The question is, can SEOs give their clients timelines for when they can expect improvements on their SEO or ranking issues in Google Search? The answer is, it depends on the issue and how specific the timeline is.
Let me share the Twitter thread between Pedro Dias, a former Googler, and John Mueller of Google:
Some change-timelines can be fairly well-estimated though, even for unknown sites. Eg, if a site is crawled normally, a site-wide noindex will be visible in search traffic within about a week. Other changes less so ("improve quality").
— 🍌 John 🍌 (@JohnMu) July 8, 2021
It usually doesn't matter as long as it's not fully blocking.

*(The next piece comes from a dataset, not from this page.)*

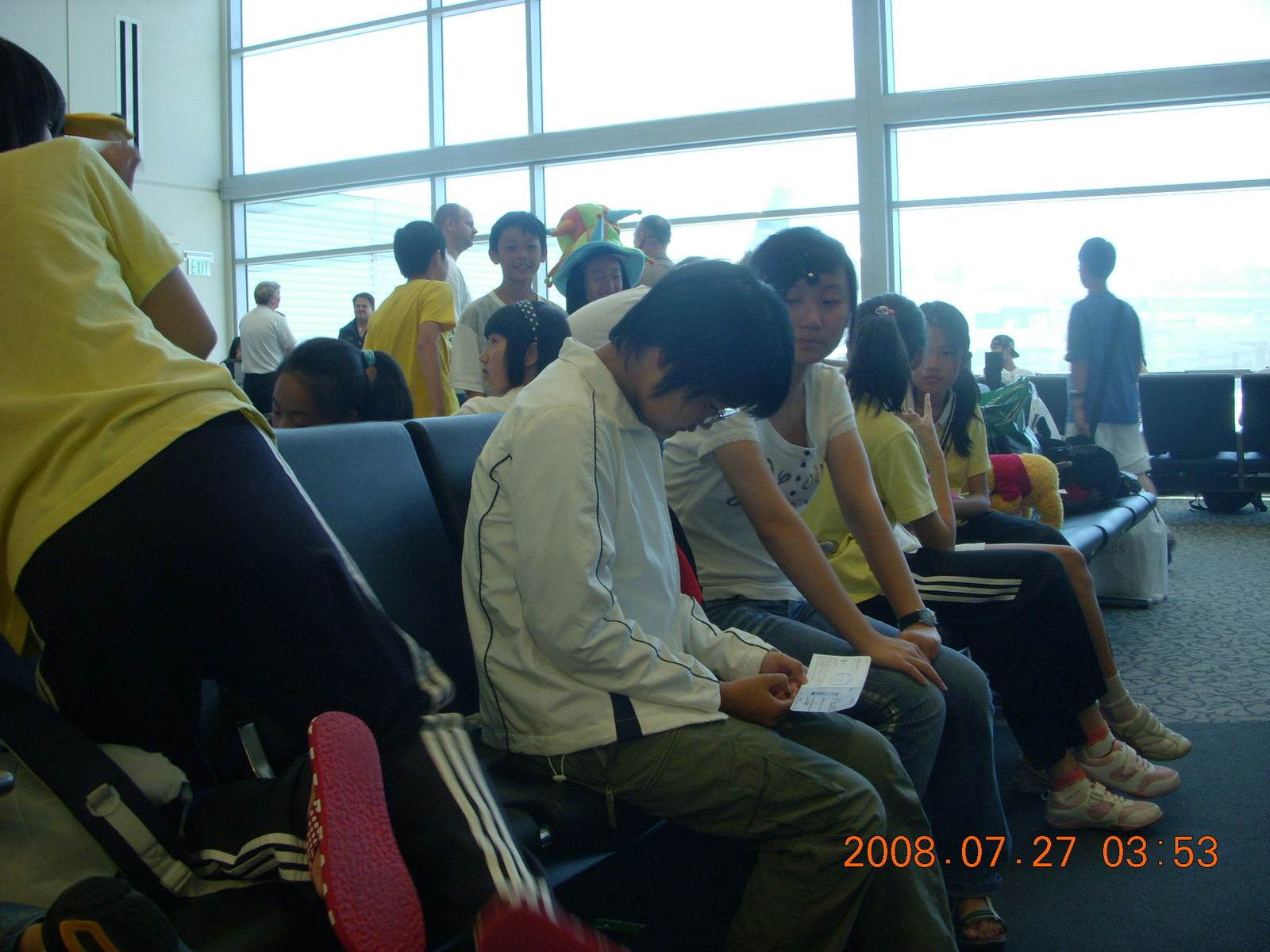2008 August 3, Sunday, 6l3-lr3.jpg * a whole lotta Chinese kids waiting for flight to Shanghai (PVG)

We tend to crawl pages that are more visible more often, so even if we can crawl 1% of what we want, those would often be the ones commonly shown = have a noticable impact if they disappear. Not universal, but almost.
— 🍌 John 🍌 (@JohnMu) July 8, 2021
So while you can tell a client that a core update fix, a quality issue, can take several months it also depends on if that client is willing to revamp a lot of the site and content on that site. But if you placed a noindex directive on your site, removing it, will lead to a quick restore of indexing over a shorter period of time. Or if all the site's pages have generic title tags that say "tile goes here" and you change them to relevant titles, then I assume a site like that will see a very quick boost in rankings. But it all depends on what the issue is, what needs to take place to solve the issue and how quickly Google can react to those changes.
So yea, some things can be quick and you can plan out a timeline for a fix. Other things might not be quick and might be dependent on third-parties or your clients to fix, and you cannot guarantee a timeline on those changes. And with anything Google, you simply do not control everything like you may in other forms of businesss.